# The cone did it



## hikerak (Jan 8, 2003)

Hello all,
No question here as long as my fix continues to work. I have a 508 and I use a cone UHF thing so I can control the 508 in my bedroom. Any how, I was watching a recorded movie and the info screen popped up. I though I pressed the button by mistake, but after canceling several times(you can imagine how annoying this was) I decided that there was something wrong with the 508. I soft reset a couple of times, no change. So I sat there thinking about when it started happening and realized it was around the time I started to use that cone... I unplugged it and the info thing stopped.

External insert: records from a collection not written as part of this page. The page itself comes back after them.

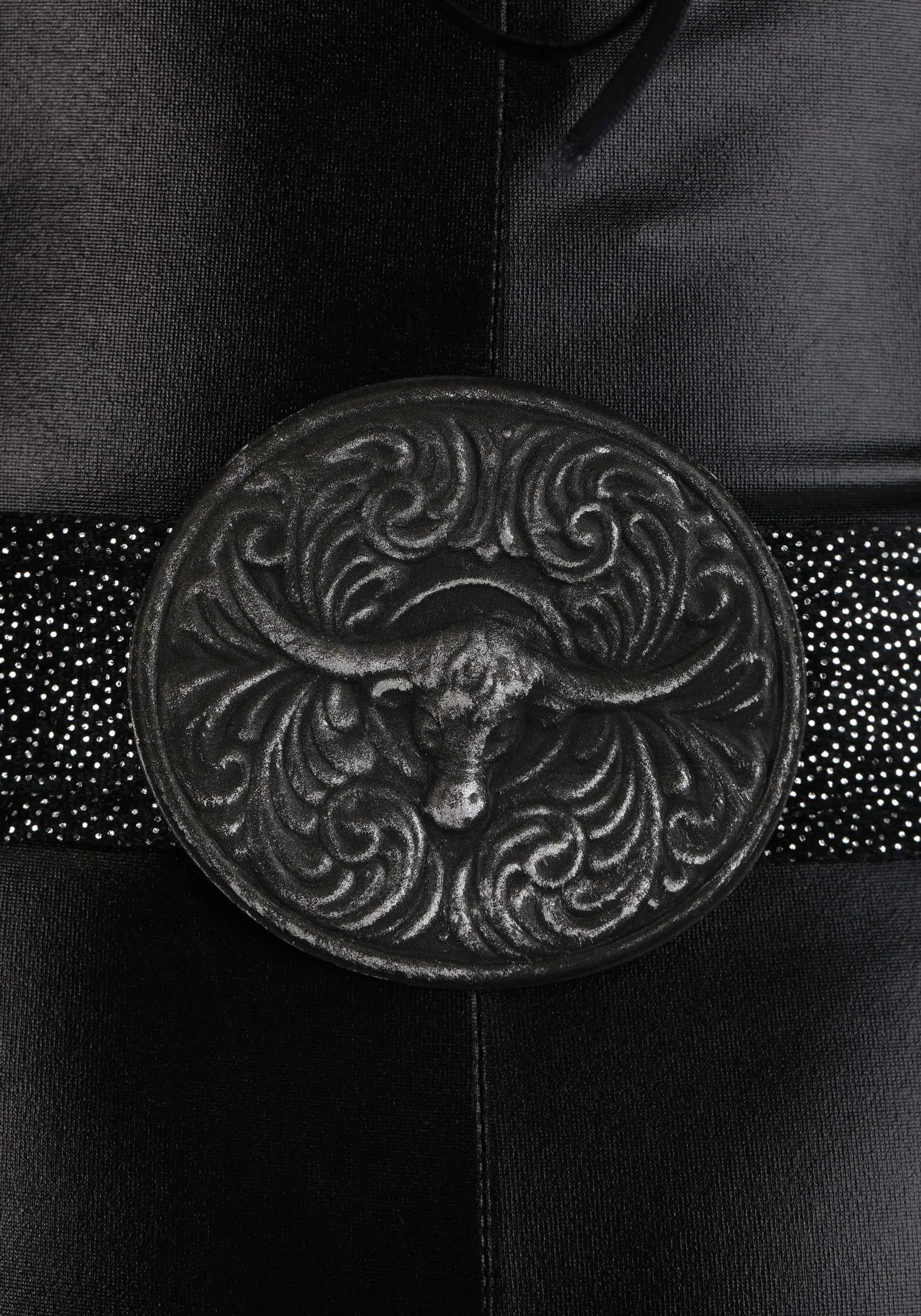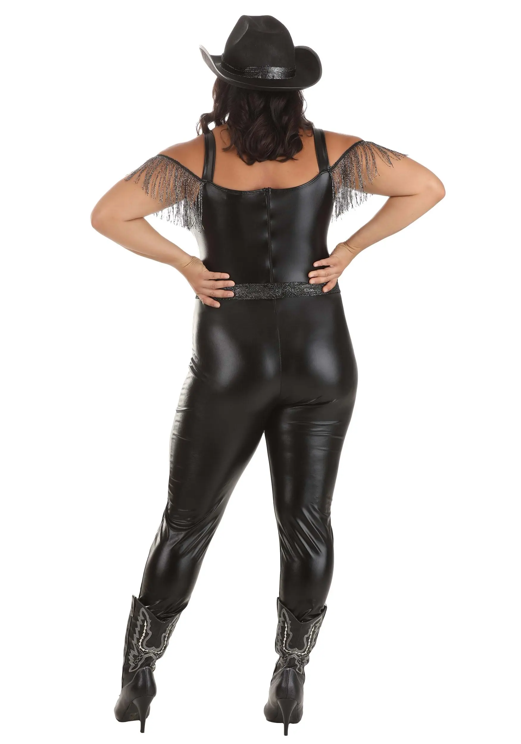 Step into the role of a lifetime when you dig your heels into this Honky Tonk Hottie costume. This brilliant bodysuit has a shiny faux leather finish that will shimmer with every shimmy. Classy fringe forms off-shoulder sleeves, and the metallic knit belt features an inspired Western buckle design, too. The neckerchief really pulls the look together, though you will want to add the cowboy hat and your favorite boots for a stomping good time!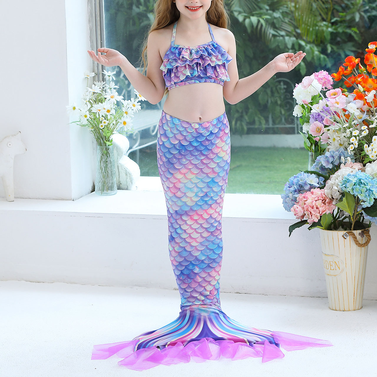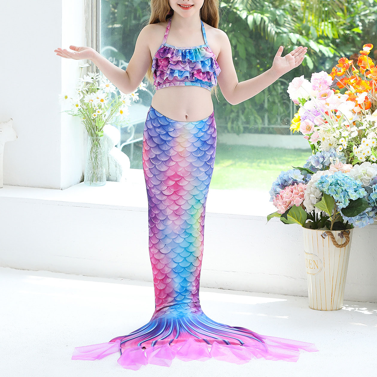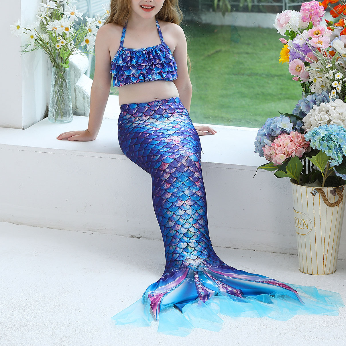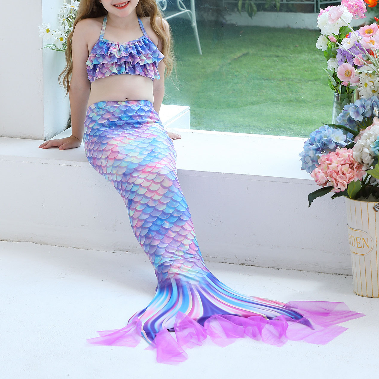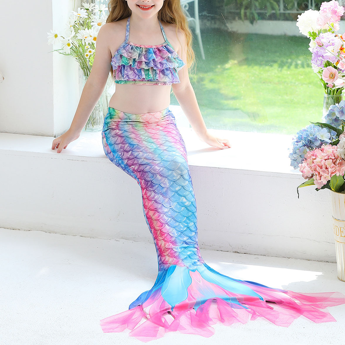 Spandex & Polyester Children Mermail Swimming Suit & three piece patchwork :150 PC
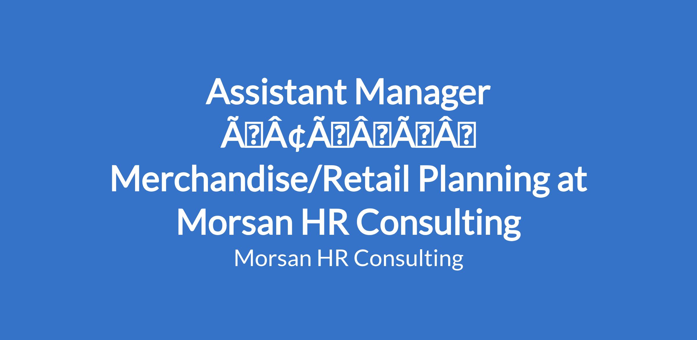 Assistant Manager âÃÂàMerchandise/Retail Planning at Morsan HR Consulting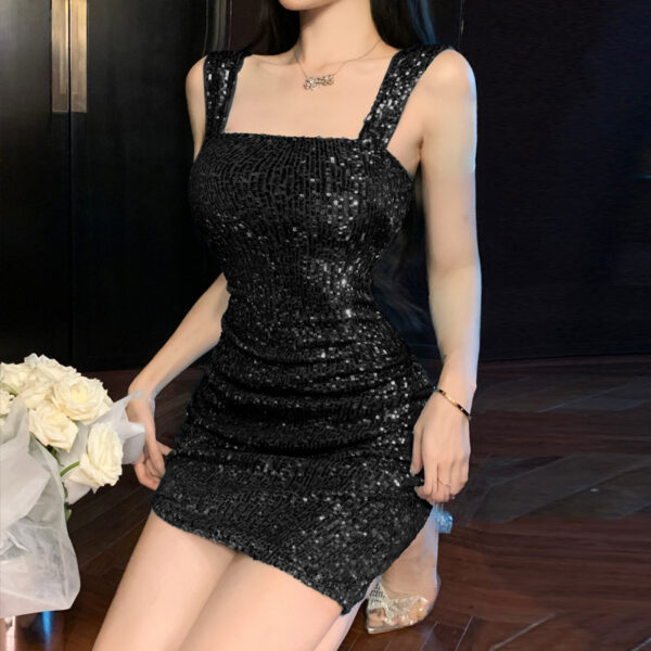 Square Collar Sequined Slim-Fit Dress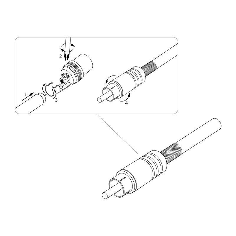 Установка провода в разъеме производится с помощью винтового зажима центрального контакта (центральная жила - под винт, оплетка - обжимается), что значительно экономит время монтажа.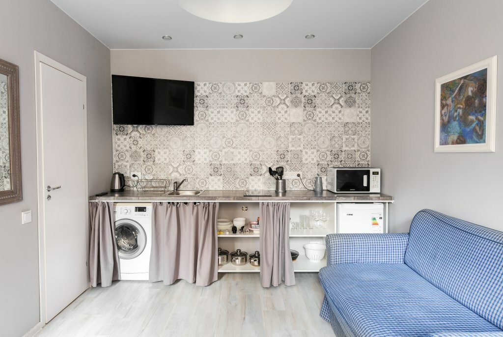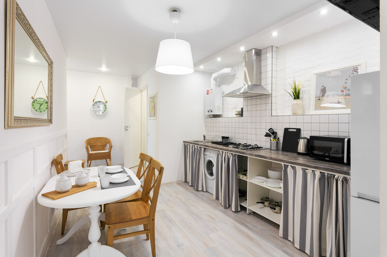 - Полная комплектация (стиральная машина, кухня, утюг, достаточное количество полотенец).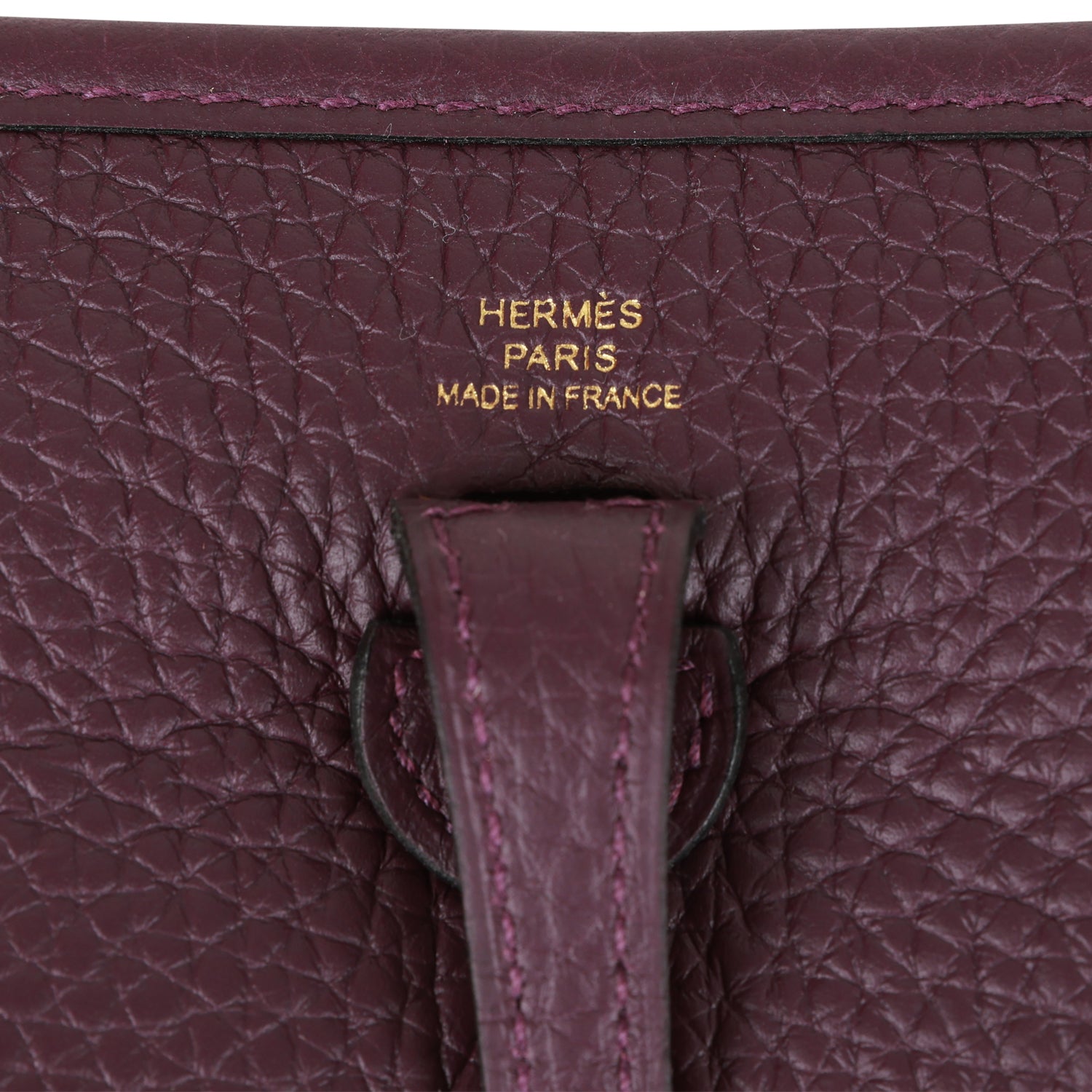 This Evelyne TPM is in Cassis clemence leather with gold hardware and features tonal stitching stitching, pull tab top closure and a Rouge Grenat removable canvas and leather shoulder/crossbody strap.

So my cone was sending the info button signal to my 508 intermittently... :shrug: 
Glad I figured it before I sent it to DISH.:blush: 

Anyone have that happen before??  

Matt


----------



## Bill R (Dec 20, 2002)

The "cones" take an IR signal and convert it to RF and transmit it to the receiving "cone" and covert it back to IR. They can pick up a wide range of signals (not just IR) and quite often can put out random IR "noise" at the receiving end due to all the "junk" that they pick up. Florescent light can drive them nuts.

I don't understand why you were using one with a 508. The 508 remote is UHF and as long as you have the little antenna installed on the back of the receiver you can use it at a fairly long distance. I access my 721 from the bedroom, a distance of about 50 feet from the receiver, with no problems.


----------



## hikerak (Jan 8, 2003)

I use it because I have a 301 remote that I keep in my bedroom so I don't have to take the 508 remote out of the living room...


----------



## Bill R (Dec 20, 2002)

Oh, I see. You might want to try to reposition the SENDING unit. It is usually that unit that is picking up the "noise".


----------



## HTguy (May 7, 2002)

The IR-UHF transmitters are well known for erroniously putting the INFO screen up on Dish NW rcvrs. Try moving it away from any florescent lamp or the window (if exposed to sunlight.)


----------



## Karl Foster (Mar 23, 2002)

I had cones in my setup when I first set up my Ultimatetv. Everything was fine during the winter, but as soon as summer hit and my central air would kick on, it would send all kinds of signals to the cones and all kinds of funky things would happen. As soon as I got rid of the cones, the problems went away.


----------



## hikerak (Jan 8, 2003)

Well I feel pretty good about troubleshooting that one on my own... Good to know it shouldn't be near the window, mine is on the window sill.... ooops... : ) Thanks everyone...


----------



## Jacob S (Apr 14, 2002)

Even the RCA cones and the Dish pyramids when right next to each other will both illuminate their led lights.


----------



## Bill D (May 11, 2002)

I was using a OFA 9800 remote with RF to IR receiver for my 2700 receiver from up to downstairs and would always get the info thing just popping up whenevevr, very annoying I thought it was the baby monitors, turned them off and still info. Thankfully adding the 721 allowed me to use the 4900 for the bedroom TV.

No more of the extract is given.